Bowser and I were talking about the fact that when we first got info on the 11hv it was rated just over 300v, cant remember the exact spec though. I believe for reliability sake it was de-rated. Keeping the armature from grenading itself, stopping brush arching and dissipating heat are all tough problems to solve at high voltages.


----------



## Dustin_mud (May 22, 2012)

And I'll still be able to street drive this as long as I keep my foot out of it for long periods?


----------



## danh818 (Dec 14, 2011)

Can't say for sure, but I'm banking on it. 

Like I told Bowser when he stopped by to check out the build, "It could go like a golf cart, or a rocket I just don't know yet." 

In all seriousness though, I'm pretty confident that as long as we can wick the heat away and keep the voltage up, these motors will put out vast amounts of power.

Hang in there another month or two Dustin. I will be posting all of my data once we get the car driving.


----------



## DIYguy (Sep 18, 2008)

Yes, it will take that current no problem for the 1/4 mile. . . although, the current may not stay up there the whole way. John Metric puts 2000 amps into each of his two stock Warp9's (with Helwig brushes) every race. It's all about duration. The warp 9's are like 10 hp continuous or something like that. Short bursts can be significantly higher.

Just make sure you seat the brushes well. Run the motor for several days at low rpm (12 volts, no load)

The best thing you can do wrt heat is to force as much air through it as you can.


----------



## Bowser330 (Jun 15, 2008)

danh818 said:


> Hang in there another month or two Dustin. I will be posting all of my data once we get the car driving.


Guys, Dan's 944 is a first class build, I can't wait to see the results.

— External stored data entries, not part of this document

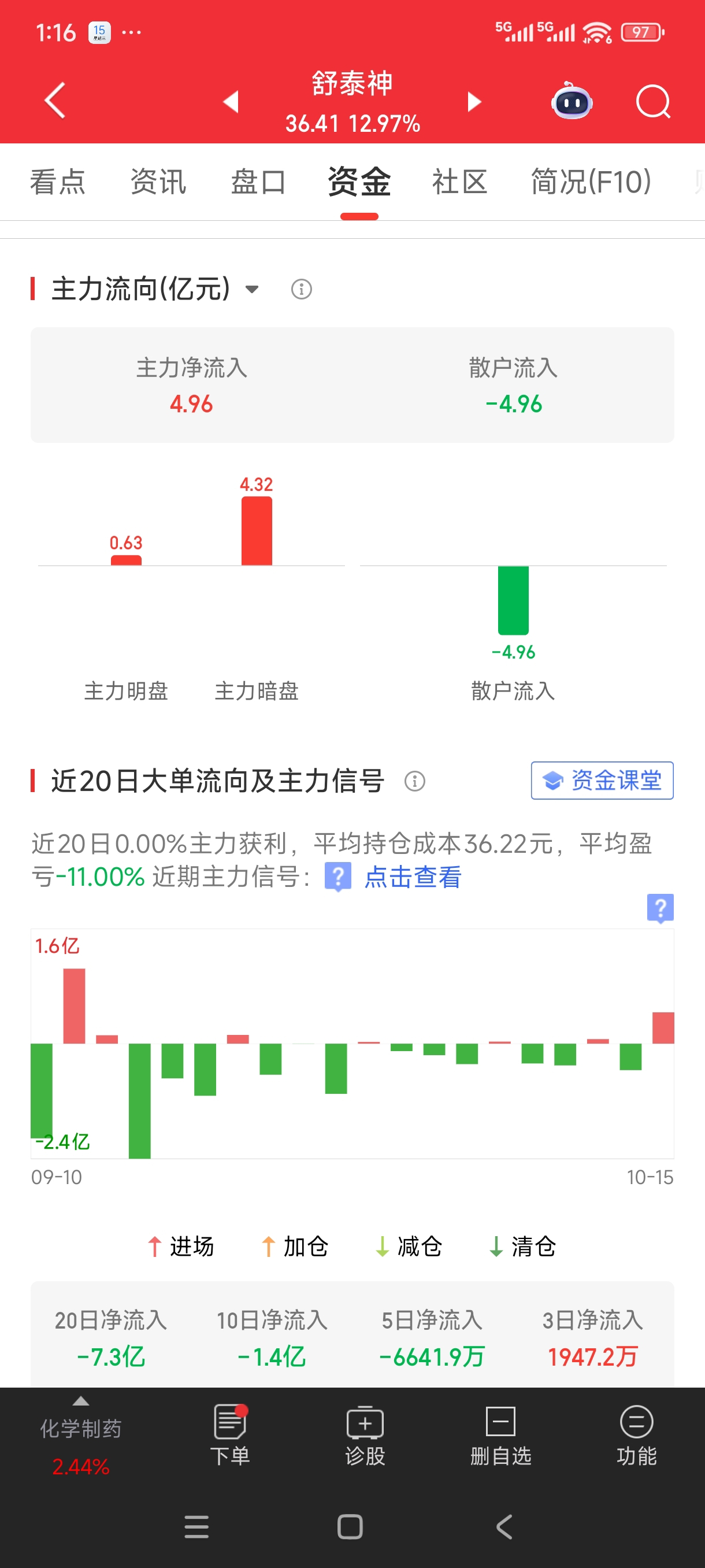 $舒泰神(SZ300204)$ 到目前暗盘流入4个多亿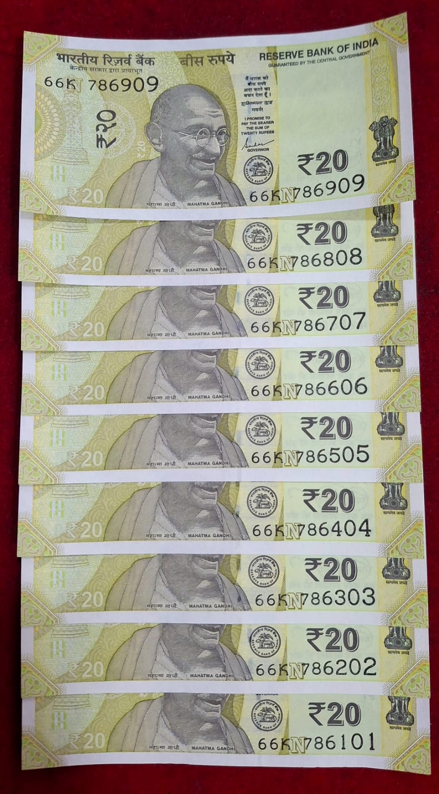 786101 – 786909 ( 9 PCS SET) 20 RUPEES GEM UNC RARE ( 9 NOTE SET)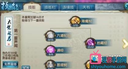 首先第一重声闻,降魔杖,普攻,后期可能加,目前没有多余的点。六道轮回,打NPC会用用,打人,持续时间长,攻击低,回复少,简直给对方创造攻击你的机会,也没有多的点去点他,放弃。诵经,满级附加1464攻击,控制对方,仅剩的唯一控制,未命中都可以睡对方,加满。地藏经,天音的天生命中低,这个加满,不解释。菩提树,呃,有阵灵蓝足够用了,目前没有多的点数,暂时放弃。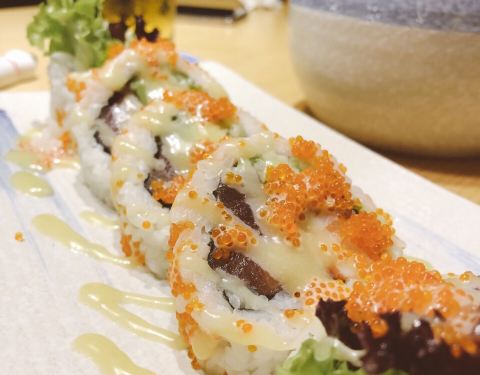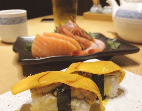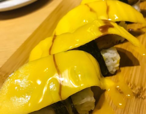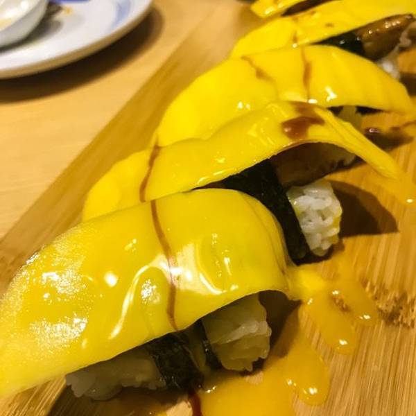 譬如口感极佳的活鲷鱼刺身,泉城日料店中不多见的鰤鱼刺身。烤鳗鱼和芒果鹅肝手握也都拥有不错的味道
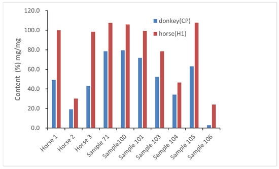Our method seems to be more powerful than the method proposed in the Chinese Pharmacopoeia. As shown in Table 6, there are controversial results for some samples containing horse-hide gelatin because markers in the Chinese Pharmacopoeia are donkey–horse shared markers, generating false-positive results when a sample contains horse-hide gelatin. Even when subtracting the corresponding content from horse-hide gelatin, the authentication results based on markers in the Chinese Pharmacopoeia are not ideal because the relative content of donkey markers in the Chinese Pharmacopoeia and horse-specific markers are different in different samples containing horse-hide gelatin (Figure 6). By contrast, our new markers directly indicate the presence of donkey-hide gelatin without the need for any other test or calculation.

Okay good, that's what I had read and had thought for the longest time, in stock form the 11HV should be able to tolerate 1000+ amps in spurts.


----------



## danh818 (Dec 14, 2011)

DIYguy said:


> Yes, it will take that current no problem for the 1/4 mile. . . although, the current may not stay up there the whole way. John Metric puts 2000 amps into each of his two stock Warp9's (with Helwig brushes) every race. It's all about duration. The warp 9's are like 10 hp continuous or something like that. Short bursts can be significantly higher.


Are John's motors really unmodified? I would have thought he had some tricks up his sleeve on those for sure.


----------



## DIYguy (Sep 18, 2008)

danh818 said:


> Are John's motors really unmodified? I would have thought he had some tricks up his sleeve on those for sure.

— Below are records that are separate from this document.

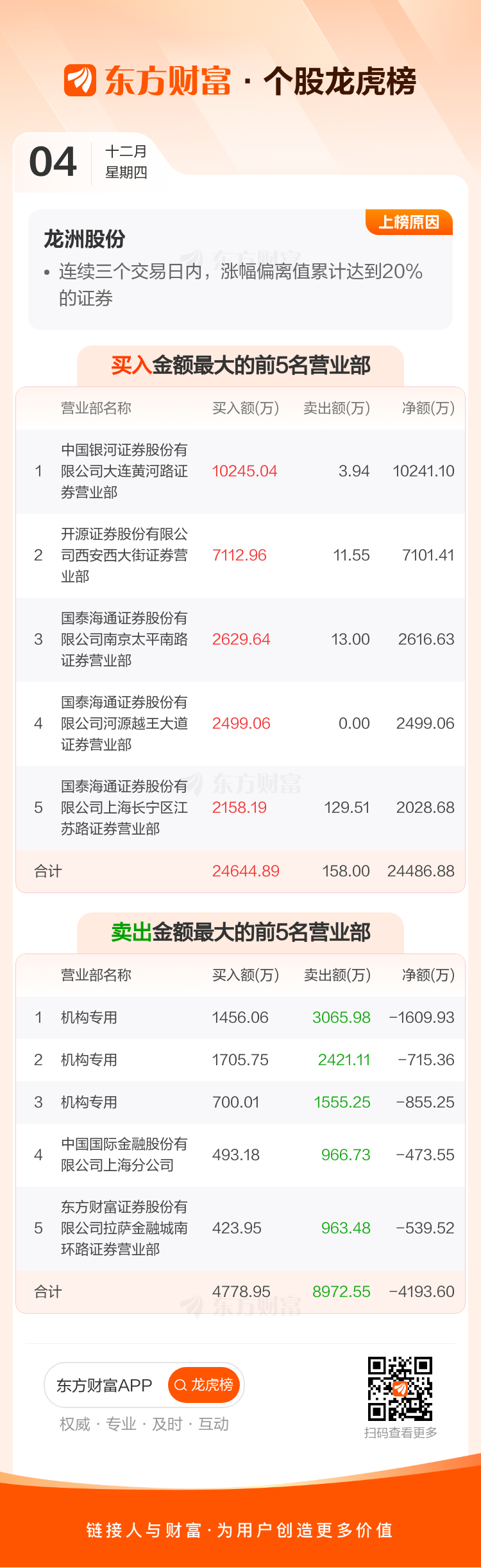 交易所2025年12月4日公布的交易公开信息显示,龙洲股份因成为连续三个交易日内,涨幅偏离值累计达到20%的证券上榜。龙洲股份当日收报7.16元,涨跌幅9.98%,换手率8.10%,成交额3.22亿。异常期间12月3日至12月4日,期间涨幅20.95%,累计偏离值21.91%,区间成交额10.45亿。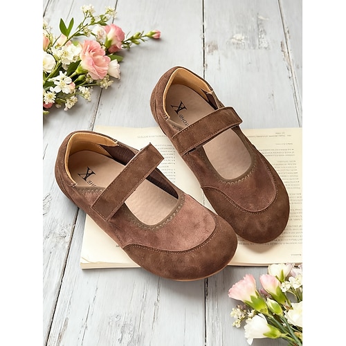 comode ballerine Mary Jane da donna in finta pelle scamosciata, vestibilità ampia, cinturino regolabile e design leggero, perfette per l'abbigliamento casual, l'uso quotidiano e il lavoro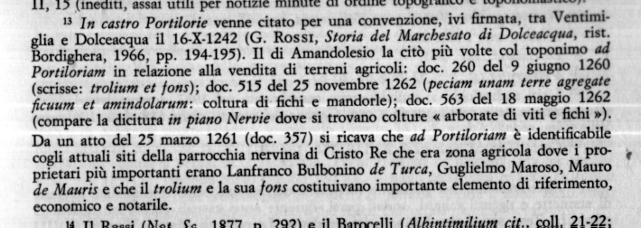 "1242 Data 16 ottobre, il documento che segnalava la presenza del castello di Portiloria, in Nervia". CLICCA SULLE FRECCE PER RITORNARE ALLA VOCE PERTINENTE IL "CASTELLO DI PORTILORIA" A NERVIA

Ask him. They are stock except for the brushes. . . and he ran them for a while with the other brushes.

I pumped 1000 amp and even 1200 amps through my self built 9" GE many many times. . . as in regularly. Never hiccuped once. . . and that was street driving so, no cool down after. Just lower current.


----------



## Bowser330 (Jun 15, 2008)

DIYguy said:


> Ask him. They are stock except for the brushes. . . and he ran them for a while with the other brushes.
> 
> I pumped 1000 amp and even 1200 amps through my self built 9" GE many many times. . . as in regularly. Never hiccuped once. . . and that was street driving so, no cool down after. Just lower current.

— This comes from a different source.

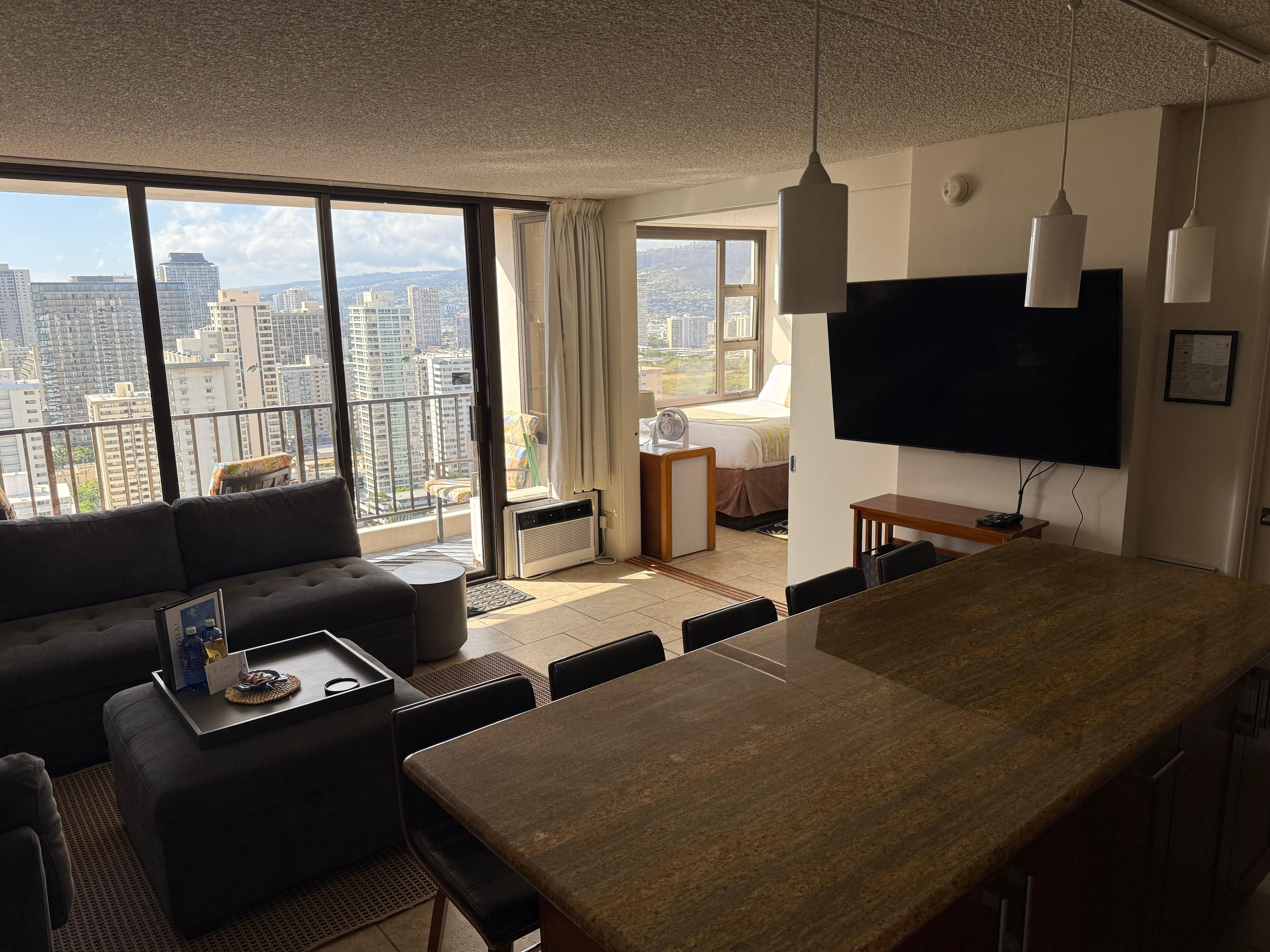 Welcome to the age of upgrades, where "island modern" meets comfort at our fantastic well-equipped Waikiki Banyan condo! Marvel at fresh furnishings, comfy new beds, and an impressive 60-inch Smart TV that rules the living room. Prepare to be pampered, as we've stocked the condo with everything your heart desires, including not one, but two Smart TVs! Spoil yourself in the largest unit available, boasting a wonderful makeover! Free high speed wifi and free parking for all guests!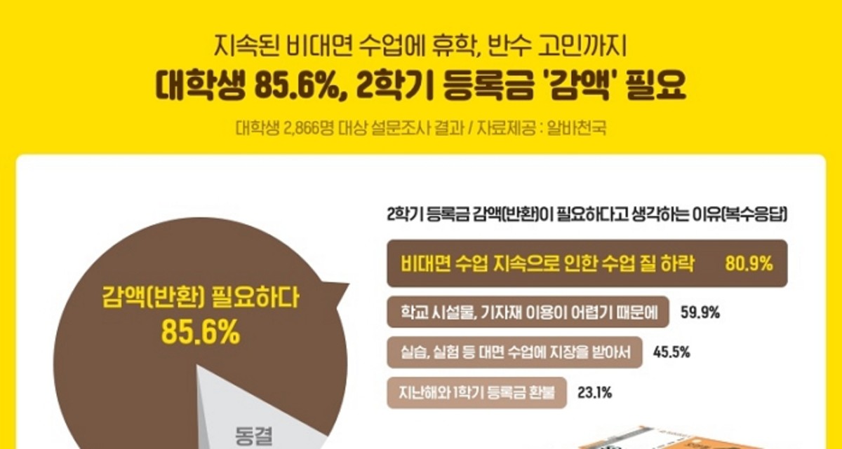 알바천국이 대학생 2,866명을 대상으로 조사 결과 85.6%가 2학기 등록금 감액이 필요하다고 답했다. 감액 정도는 '21~30%(30.8%)'와 '31~50%(25.6%)' 수준을 가장 많이 희망했다.

What do you mean by "self built" ?


----------



## DIYguy (Sep 18, 2008)

Bowser330 said:


> What do you mean by "self built" ?


Oh, I mean re-built with some mods for EV application. It is a GE 9" out of a Hyster lift truck. There are details in my build thread. . http://www.diyelectriccar.com/forums/showthread.php/good-ohmn-here-we-go-23492.html
I also did a 13" where I actually did more serious mods . . as I made a series motor out of two compound wound motors. Had to mod field coils, wrap, dip, bake, silver solder new connections. Shim pole shoes. Balance rotor. Clean up Commutator. Machined the frame. Insulate brush gear. Advance timing... all that good stuff. You can read about it here...http://www.diyelectriccar.com/forums/showthread.php/13-inch-series-few-questions-52291.html


----------



## Bowser330 (Jun 15, 2008)

DIYguy said:


> Oh, I mean re-built with some mods for EV application. It is a GE 9" out of a Hyster lift truck. There are details in my build thread. . http://www.diyelectriccar.com/forums/showthread.php/good-ohmn-here-we-go-23492.html
> I also did a 13" where I actually did more serious mods . . as I made a series motor out of two compound wound motors. Had to mod field coils, wrap, dip, bake, silver solder new connections. Shim pole shoes. Balance rotor. Clean up Commutator. Machined the frame. Insulate brush gear. Advance timing... all that good stuff. You can read about it here...http://www.diyelectriccar.com/forums/showthread.php/13-inch-series-few-questions-52291.html


wow, very cool. You essentially rebuilt the 150$ junkyard forklift motor for ~200$ give or take, right? so 350$ for a motor that can tolerate 156 volt with 13 degree advance and 1000A...jeez...couple that with a DIY controller for 600$ and you have a controller and motor for less than 1000$!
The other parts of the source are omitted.